AMU Fire & EMS Original Public Safety

Why We and Our Government Must Work Harder to Fix EMS

By Allison G. S. Knox
Edge Contributor

In the U.S., we often think about our society’s problems and how to solve them. To this end, we elect individuals to local and state governments, as well as to the federal government, in the hope that those people will fix societal problems.

However, the American government system is relatively inefficient and complicated. While the division of the legislative, judicial, and executive branches of the federal government keeps the powers of each branch in check, it has also created numerous obstacles for ordinary citizens to quickly make positive changes and affect dire situations. Often, we wait for problems to become catastrophes before we institute change.

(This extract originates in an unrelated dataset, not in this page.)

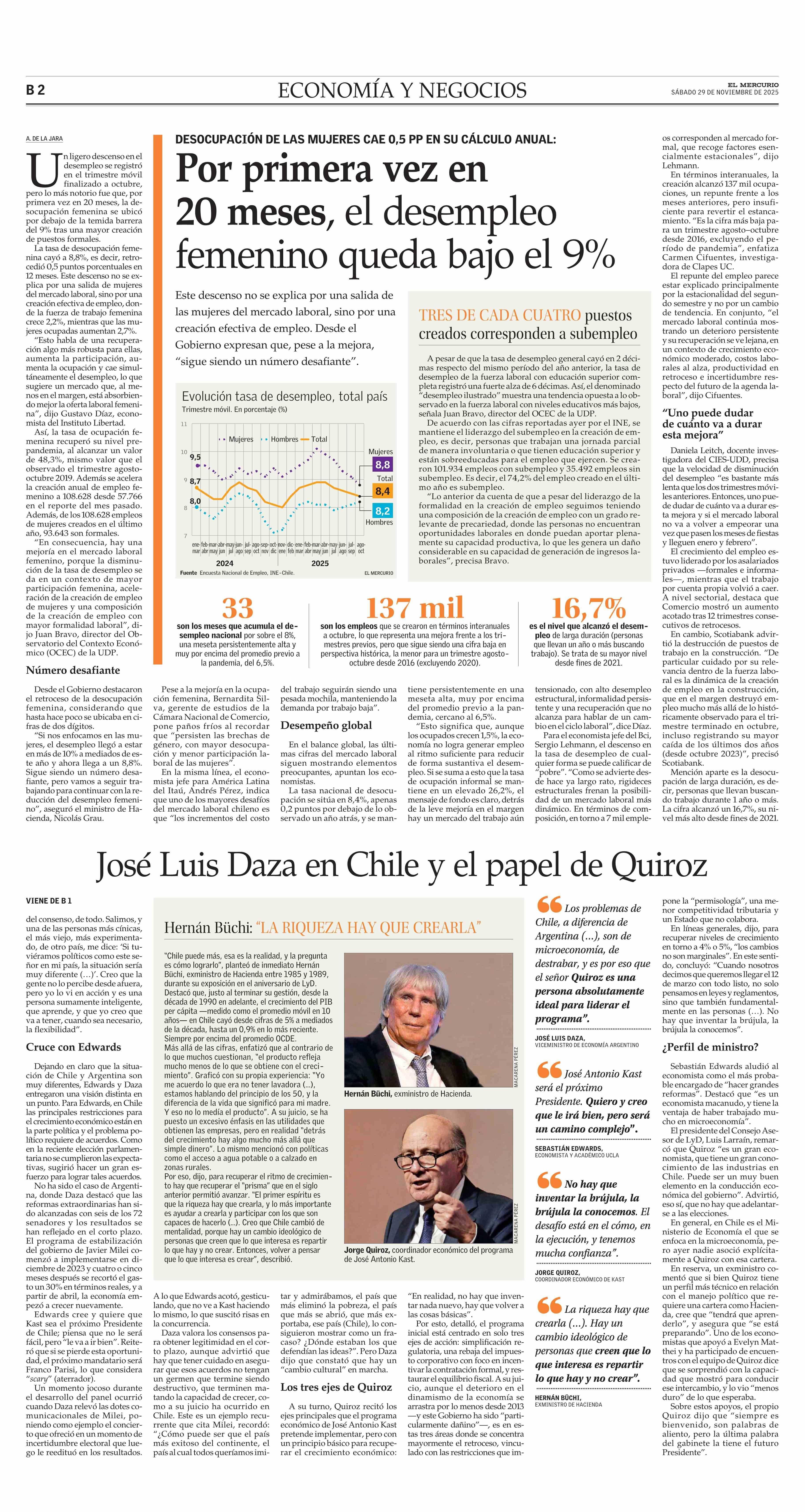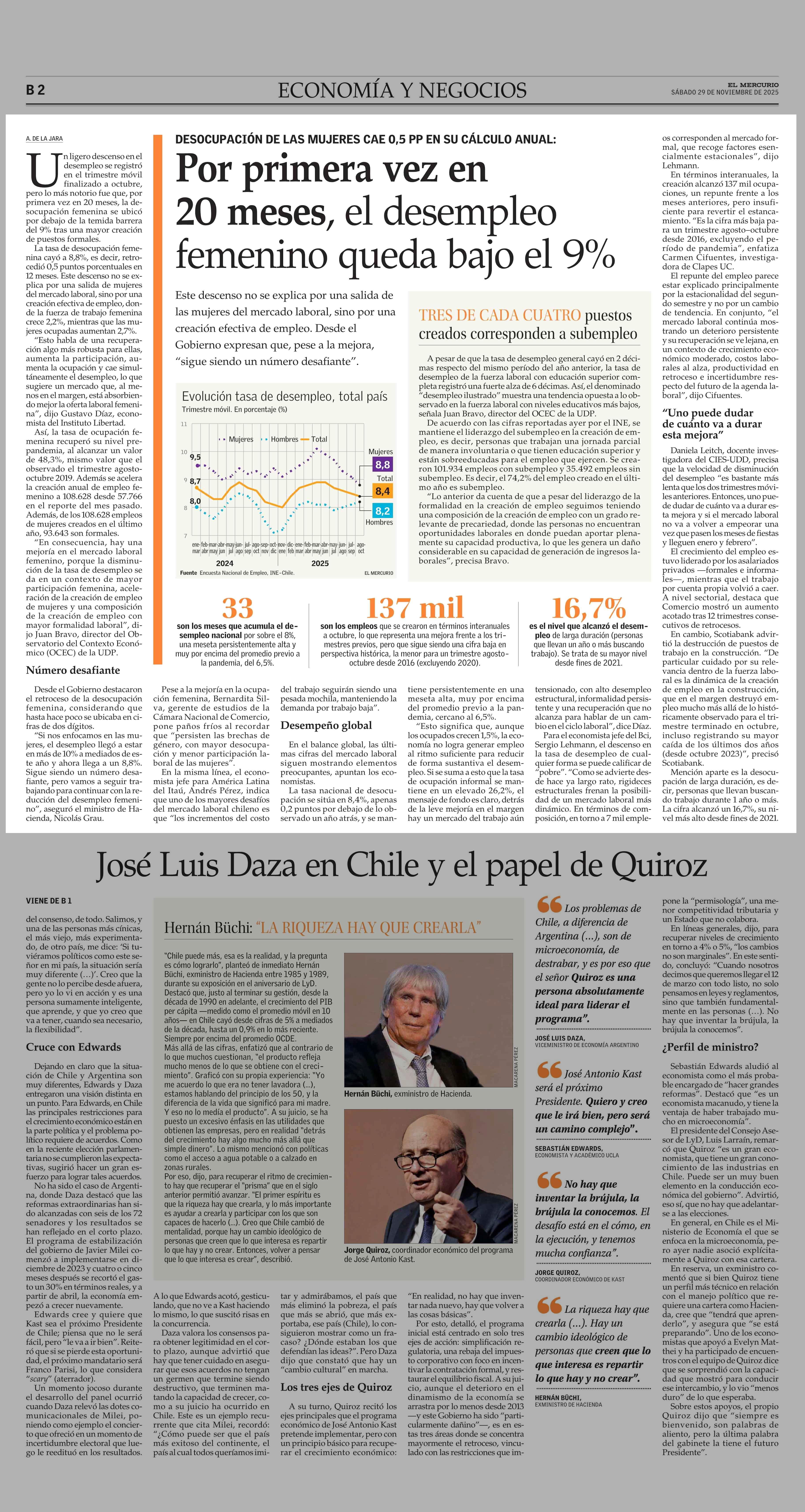 Por primera vezen 20 meses, el desempleo femenino queda bajo el 9% 29-11-2025 El Mercurio |

For instance, there are numerous issues with our emergency medical services (EMS) system – including personnel recruitment and retention and inadequate budgets – that need solutions right now. EMS is a critical part of the U.S. healthcare system, which has already struggled with its own problems for the last couple of decades.

Related link: Changing and Improving EMS Agencies Starts at Local Levels

Recruitment and Retention of EMS Personnel Is Critical

One EMS issue that needs immediate resolution is workplace shortages. EMS departments have operated with workplace shortages for decades. If these workplace shortages in EMS continue and EMS agencies are forced to close because of inadequate staffing, the EMS system may collapse throughout the United States.

In addition, according to a 2021 survey conducted by the National Association of Emergency Medical Technicians (NAEMT), turnover among paramedics and emergency medical technicians ranges from 20-30% annually. NAEMT notes that “Most communities are facing crisis-level shortages of EMS personnel, and many communities have seen EMS agencies close altogether, removing this critical community lifeline.”

Related link: Why It Would Be Beneficial to Consolidate EMS Agencies

Better EMS Funding Is Also Essential

A second issue that must be fixed quickly is funding. Many EMS agencies are already inadequately funded, and many EMTs and paramedics subsequently receive low wages in exchange for their work responding to 911 emergencies.

Fixing EMS Problems Will Require the Whole Community Approach

The U.S. government is reactive and uses a thorough process for creating new policies. In many respects, that design is helpful because it ensures that numerous areas of a new policy are sound before a bill is passed and implemented.

Where the EMS system is concerned, though, EMS is at the center of seriously complicated wicked problems. Unfortunately, these problems can be complicated by additional legislation that attempts to put a bandage on a terribly broken healthcare system.

Without the government creating policies to improve EMS problems, the EMS system is on a trajectory to fail. EMS serves as the backbone of the healthcare system and if it fails, many people will be unable to obtain equal access to quality prehospital care or transportation to healthcare facilities.

Unfortunately, EMS system issues have no simple solution and require a whole community approach to solve them. Such an approach requires extensive collaboration at all levels of government and in multiple areas of society. EMS leaders also need to carefully contemplate which local government leaders to bring into conversations for their respective EMS agencies.

This crisis involving the U.S. EMS system should not be treated lightly. Americans and government agencies should not be waiting for the EMS system to fail before creating new policies to fix EMS system problems.

Allison G. S. Knox teaches in the fire science and emergency management departments at American Military University and American Public University. Focusing on emergency management and emergency medical services policy, she often writes and advocates about these issues. Allison serves as an Intermittent Emergency Management Specialist with the Department of Health and Human Services, as At-Large Director of the National Association of Emergency Medical Technicians and as Chancellor of the Southeast Region on the Board of Trustees with Pi Gamma Mu International Honor Society in Social Sciences. She is also chair of Pi Gamma Mu’s Leadership Development Program. Prior to teaching, Allison worked for a member of Congress in Washington, D.C. and in a Level One trauma center emergency department. She is an emergency medical technician and holds multiple graduate degrees.